The GIP contains the rationale for the drug or the specific study(ies); the indication(s) to be studied; the general approach for evaluating the drug; the kinds of clinical trials to be conducted in the first year following the submission (if plans are not developed for the entire year, this should be indicated) with the estimated number of patients; and any risks of particular severity or seriousness anticipated on the basis of toxicological data in animals or prior studies in humans with the drug or related drugs.
The development of this document requires input from multiple functions.
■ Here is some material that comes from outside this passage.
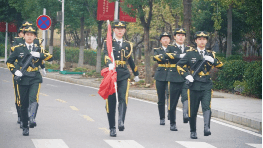 仪式伊始,国旗护卫队成员身着统一制服、步伐整齐划一,迈着铿锵的正步入场。他们身姿挺拔、目光坚定,展现出良好的纪律意识与昂扬的青春风貌。伴随着雄壮的《义勇军进行曲》,五星红旗冉冉升起,全体师生肃立行注目礼,高唱国歌,表达对祖国的崇高敬意与无限热爱。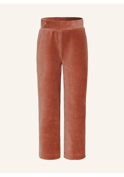 Beschreibung Für Mädchen Passform laut Hersteller: Wide Leg Fit Gerades, weites Bein Zip-Fly-Verschluss 4-Pocket-Style Seitliche Cargotaschen Optische Sitzfalten Used-Waschung Elastische Baumwollqualität

For initial IND applications, the parallel development of several other IND components might be a challenging factor.
The GIP will be updated annually as part of the IND Annual Report. A description of the GIP for the coming year will replace the one submitted 1 year earlier.
The Medical Writer can manage and coordinate the document development process (eg, write sections, circulate for review, implement comments), often in combination with the Previous Human Experience and the Investigator’s Brochure for an initial IND application, and can help to generate a clear, well-structured, and coherent document.